И вправду, все мы люди, как говорится, в нас заложены инстинкты и потребности. Приходилось обходиться самоудовлетворением. Последний секс был на четвёртом курсе института. К стыду моему, я и не помню как звали того парня на редкой для меня вечеринке. Соседки по комнате тогда чуть ли не силой затянули, ну а напилась я уже сама.
Всё это, конечно, Андрею знать не обязательно.
Мы попрощались.
Чувствовала, что стали близки за это время. Но что толку, у него семья, как бы ни было… А лезть в чужую супружескую жизнь… Нет, я не считала себя моралисткой и святошей. Просто чувствовала, что это неправильно.
Может, мама права, может, я живу ни теми ценностями? Может, пришло время задуматься о семье? Свалить отсюда и найти богатого, доброго, красивого. Жить, ни в чём себе не отказывая, летать на моря, начать ходить в салоны красоты…
Да только вот по мне ли такая жизнь?
***
Порой усталость стелет туман у меня в голове. Работа ночью выматывает. А если ещё и в выходные снятся кошмары, тогда хожу потерянная, голова кружится и болит, самой впору вызывать скорую.
Помогают отвлечься и расслабиться бег и те самые старые фильмы, которые когда-то смотрели с Сашей. Первой покупкой на собственные деньги стал DVD-плейер BBK. И каждый месяц я находила несколько дисков с фильмами 60-х, 70-х, 80-х. Плюс несколько дисков с любимой музыкой.
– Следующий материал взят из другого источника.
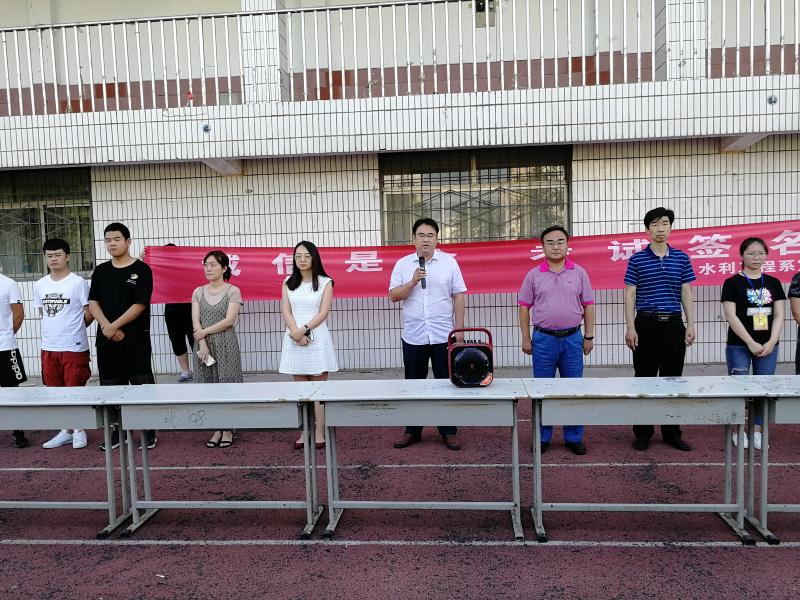 为增强同学们的诚信意识,严肃考风考纪,水利工程系于2018年6月5日在运动场举办了“诚信是金”签名活动。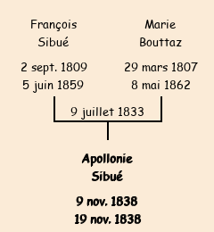 Mère : Marie Bouttaz (ménagère) | Marraine : Apollonie Bouttaz (ménagère) |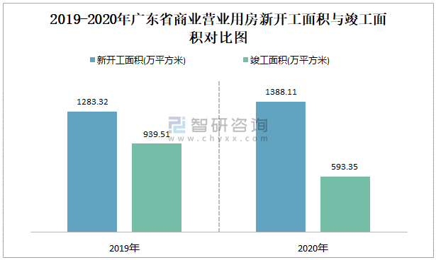 2019-2020年廣東省商業營業用房新開工面積與竣工面積對比圖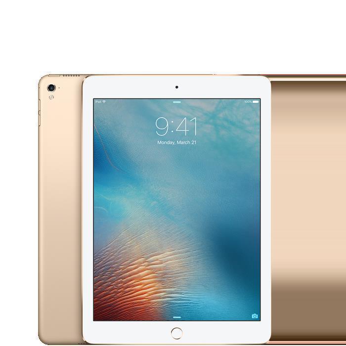 Das 9,7 Zoll iPad Pro ist eine Kombination aus Mobilität und Leistung. Nur 6,1 mm dünn und 450 g leicht, hat das iPad Pro ein Retina Display mit True Tone. Das sind Sensoren, die das Display an seine Umgebung anpassen, damit es angenehm anzusehen ist. Es überzeugt mit einem A9X Chip mit 64-Bit Desktoparchitektur, 4-Lautsprecher-Audio, iSight und FaceTime HD Kameras, Touch ID Fingerabdrucksensor, WLAN und LTE Advanced Verbindungen und mit bis zu 10 Stunden Batterielaufzeit. Um die LTE-Verbindung in Deutschland nutzen zu können ist es notwendig, eine Apple-Simkarte zu nutzen. Das iPad Pro verfügt über ein goldenes Gehäuse und hat 128 GB Speicherkapazität.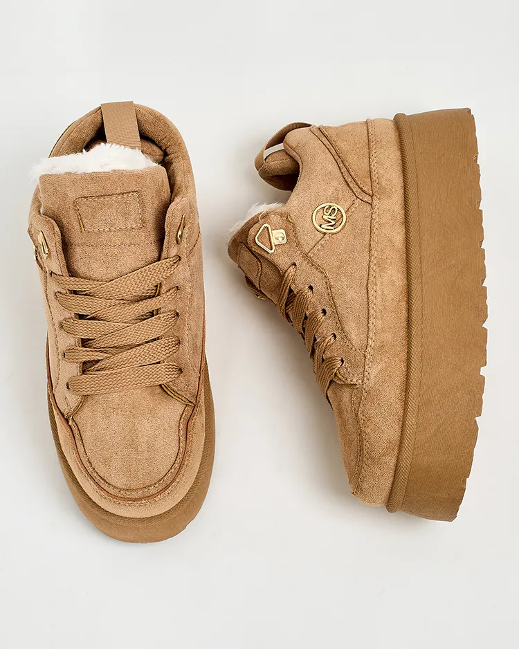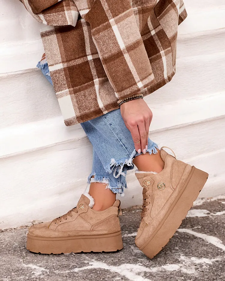 - Dámske športové tenisky na platforme. Šnurovací zvršok, vyrobený z ekologickej kože. Vnútorný priestor plne zateplený kožušinou. Ideálne k športovým outfitom!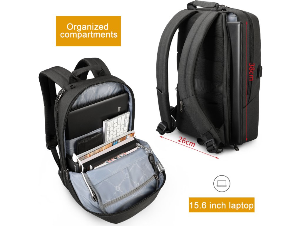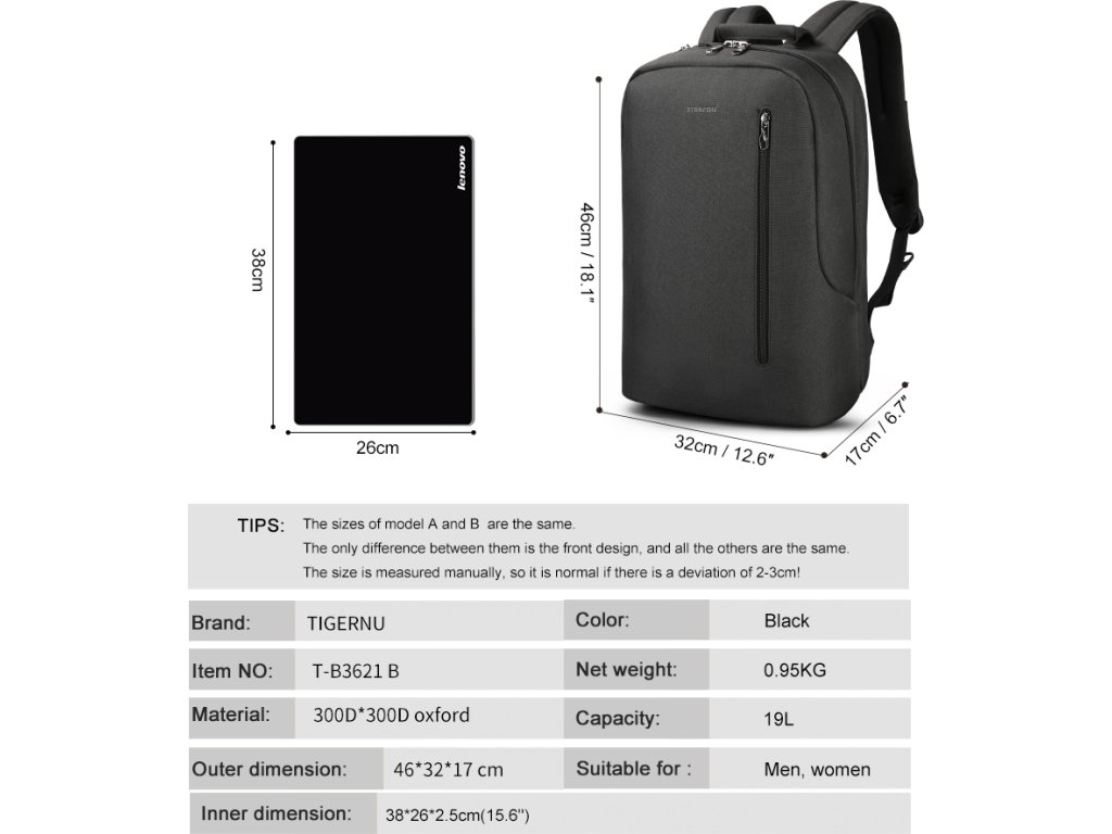 Městský batoh Tigernu T-B3621B má vše, co budete od středního příručního zavazadla potřebovat. Vložíte do něj notebook o velikosti úhlopříčky až 15,6 palců, je odolný vůči zmoknutí, nabídne praktický USB nabíjecí port a díky ergonomickému polstrování na zádech je velmi pohodlný i na delší nošení.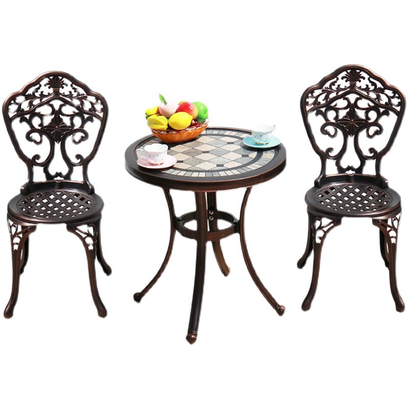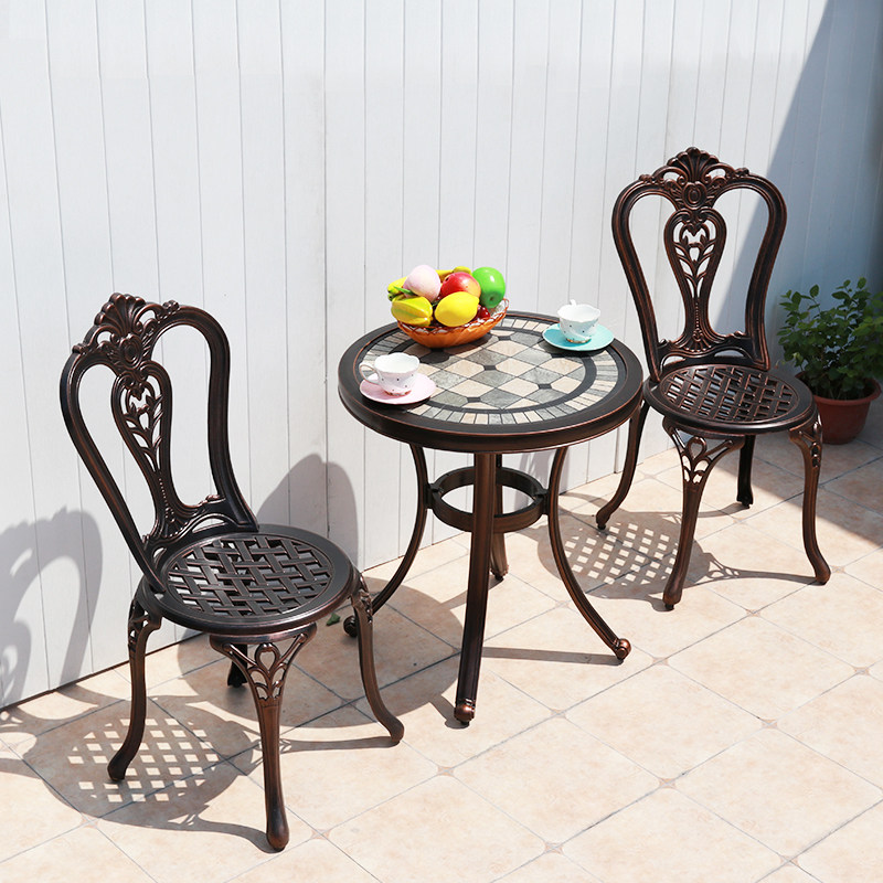 Литые алюминиевые столы и стулья, сад, двор, балкон, железная мебель для отдыха, европейский журнальный столик для террасы, набор из трех предметов, комбинация журнального столика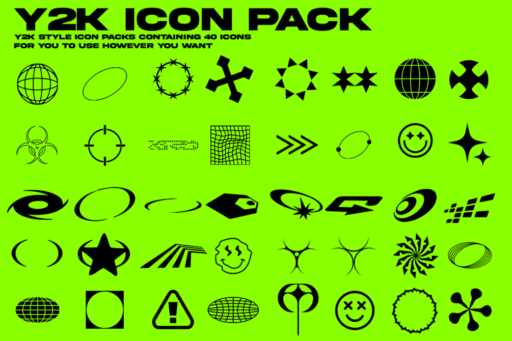 y2k style icon pack containing 40 icons for you to use however you wantyou will have a pack of 40 icons in high resolution PNG format to use however you want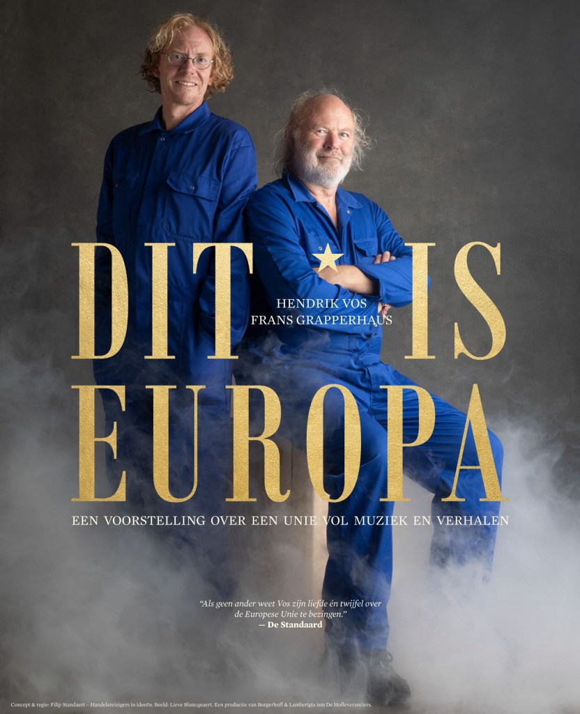 En dan is er dus nu ook de zaalshow ‘Dit is Europa’ waar Hendrik Vos in zijn heel energetische eigen stijl vol overgave vertelt over hoe de Europese eenmaking is ontstaan. Natuurlijk kon hij moeilijk een boek van meer dan 600 pagina’s en een geschiedenis van ongeveer tachtig jaar op anderhalf uur volledig vertellen dus heeft Hendrik zich gefocust op een aantal sleutelmomenten en vooral de hoofdrolspelers. (Over de Britse spelers is nauwelijks een woord gerept tijdens de voorstelling!)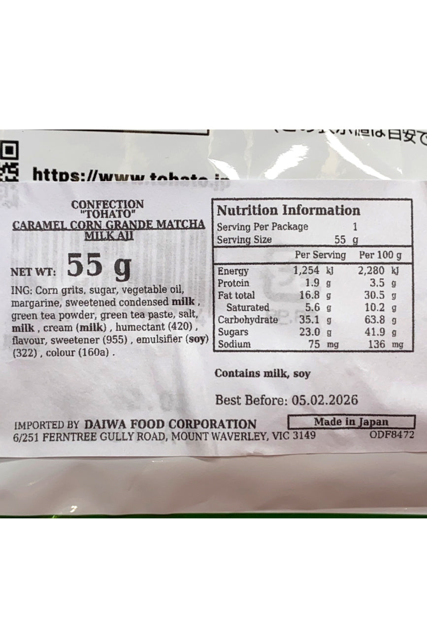 TOHATO Caramel Corn Grande Matcha Milk Aji 55g

Что ещё для счастья надо?
12. НОВЫЙ ГОД, КАРАТЭ И АДЮЛЬТЕР
Наверное, хорошо, что я не люблю отмечать Новый год, потому что не расстраивалась, как некоторые, что выпадало дежурство в эту ночь. Позвонила поздравила маму. У неё болела голова, сказала, что как встретит, сразу ляжет спать. В последнее время всё меньше общих тем, и хоть стараюсь как-то оживлять наши разговоры — выходит наверное не совсем удачно. Вызовов меньше не становится, зима вообще самое тяжёлое в этом плане время. Нехватка витамина D. Я и сама разленилась и немного поправилась. Никому, конечно, не заметно. Меня до сих пор некоторые считают анорексичкой.